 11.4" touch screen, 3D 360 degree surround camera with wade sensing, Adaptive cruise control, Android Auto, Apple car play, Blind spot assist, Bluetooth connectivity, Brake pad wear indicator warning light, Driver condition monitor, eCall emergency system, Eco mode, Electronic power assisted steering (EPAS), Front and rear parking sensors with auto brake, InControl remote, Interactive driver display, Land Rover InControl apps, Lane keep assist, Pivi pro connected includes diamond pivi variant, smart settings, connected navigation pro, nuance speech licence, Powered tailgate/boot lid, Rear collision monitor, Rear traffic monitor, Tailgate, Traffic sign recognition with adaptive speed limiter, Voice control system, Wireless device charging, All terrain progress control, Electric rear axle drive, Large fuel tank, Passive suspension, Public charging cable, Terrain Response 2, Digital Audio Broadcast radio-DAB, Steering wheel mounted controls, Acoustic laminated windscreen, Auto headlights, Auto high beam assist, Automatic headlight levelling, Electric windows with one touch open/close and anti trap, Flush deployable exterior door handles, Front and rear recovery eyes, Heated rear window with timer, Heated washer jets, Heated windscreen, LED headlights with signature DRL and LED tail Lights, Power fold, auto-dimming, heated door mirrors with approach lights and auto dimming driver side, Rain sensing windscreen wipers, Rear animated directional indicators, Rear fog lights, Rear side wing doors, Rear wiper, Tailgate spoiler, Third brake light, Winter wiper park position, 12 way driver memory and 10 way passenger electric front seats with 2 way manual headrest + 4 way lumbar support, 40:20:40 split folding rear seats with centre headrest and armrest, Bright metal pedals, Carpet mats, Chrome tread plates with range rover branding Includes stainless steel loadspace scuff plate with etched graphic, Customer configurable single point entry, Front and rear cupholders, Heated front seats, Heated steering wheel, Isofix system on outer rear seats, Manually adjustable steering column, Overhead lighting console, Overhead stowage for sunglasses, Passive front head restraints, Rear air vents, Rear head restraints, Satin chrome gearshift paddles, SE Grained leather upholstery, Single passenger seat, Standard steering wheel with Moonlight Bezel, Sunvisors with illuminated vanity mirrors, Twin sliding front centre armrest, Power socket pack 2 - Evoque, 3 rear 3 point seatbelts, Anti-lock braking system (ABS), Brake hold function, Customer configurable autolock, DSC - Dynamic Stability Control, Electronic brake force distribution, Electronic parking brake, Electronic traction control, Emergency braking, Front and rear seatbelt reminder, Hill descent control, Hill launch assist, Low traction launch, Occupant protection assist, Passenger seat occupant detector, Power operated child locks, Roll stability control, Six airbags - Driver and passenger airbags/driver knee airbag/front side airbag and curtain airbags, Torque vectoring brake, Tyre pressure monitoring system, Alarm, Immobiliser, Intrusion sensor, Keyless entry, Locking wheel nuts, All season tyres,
※
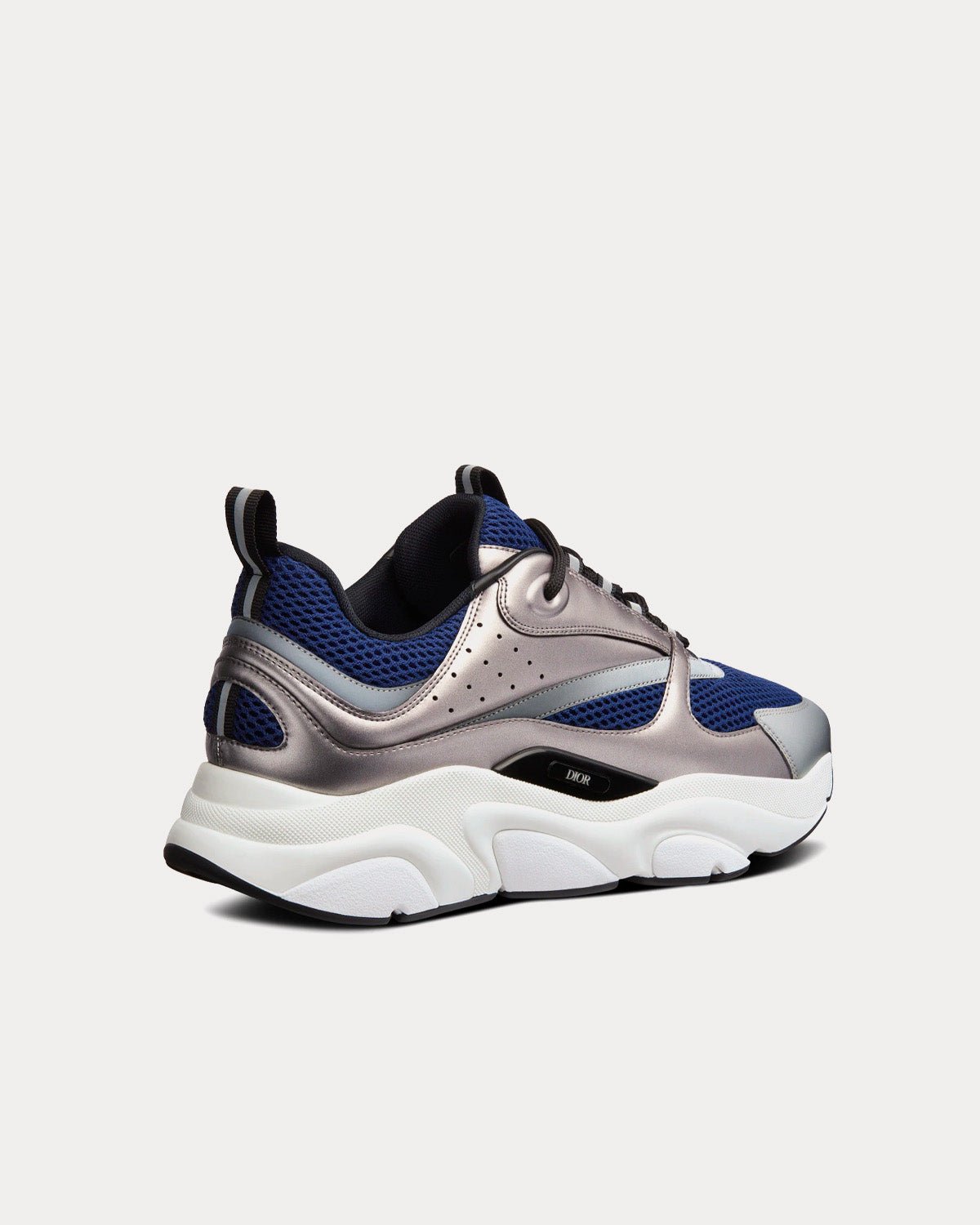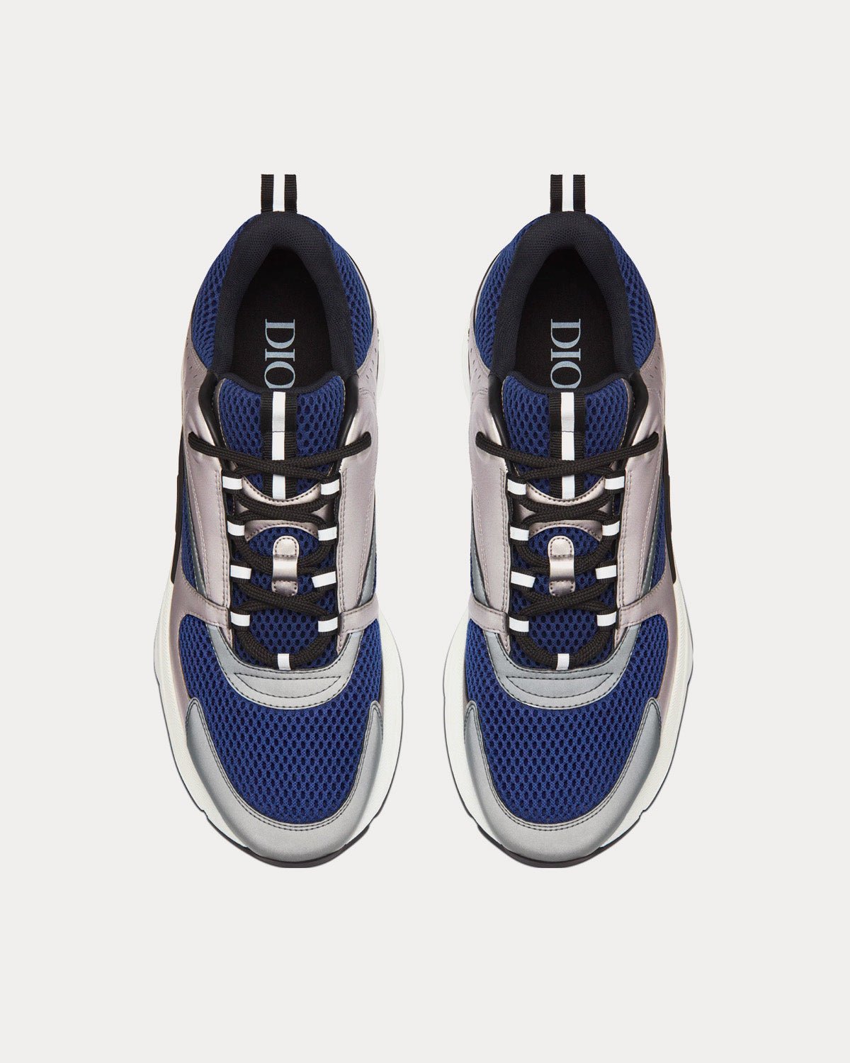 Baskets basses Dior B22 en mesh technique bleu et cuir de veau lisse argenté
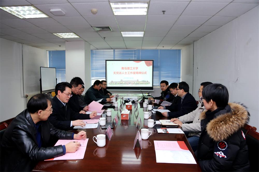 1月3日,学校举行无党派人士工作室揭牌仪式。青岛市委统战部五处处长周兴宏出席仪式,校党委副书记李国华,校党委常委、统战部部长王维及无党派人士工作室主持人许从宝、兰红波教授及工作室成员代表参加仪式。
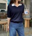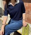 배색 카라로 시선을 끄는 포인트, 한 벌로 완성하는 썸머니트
※
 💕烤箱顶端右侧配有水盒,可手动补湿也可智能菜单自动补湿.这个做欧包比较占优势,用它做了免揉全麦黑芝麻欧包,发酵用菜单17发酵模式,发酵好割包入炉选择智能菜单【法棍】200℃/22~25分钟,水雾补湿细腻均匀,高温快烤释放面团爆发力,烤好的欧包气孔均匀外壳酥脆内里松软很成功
※
* Work request *
The data above holds the lines to copy: start at the one with "Baskets basses Dior", stop at the one with "배색 카라로 시선을 끄는 포인트, 한 벌로 완성하는 썸머니트", include both, copy them exactly without pictures, and copy nothing else.

* Task response *
 Baskets basses Dior B22 en mesh technique bleu et cuir de veau lisse argenté
 1月3日,学校举行无党派人士工作室揭牌仪式。青岛市委统战部五处处长周兴宏出席仪式,校党委副书记李国华,校党委常委、统战部部长王维及无党派人士工作室主持人许从宝、兰红波教授及工作室成员代表参加仪式。
 배색 카라로 시선을 끄는 포인트, 한 벌로 완성하는 썸머니트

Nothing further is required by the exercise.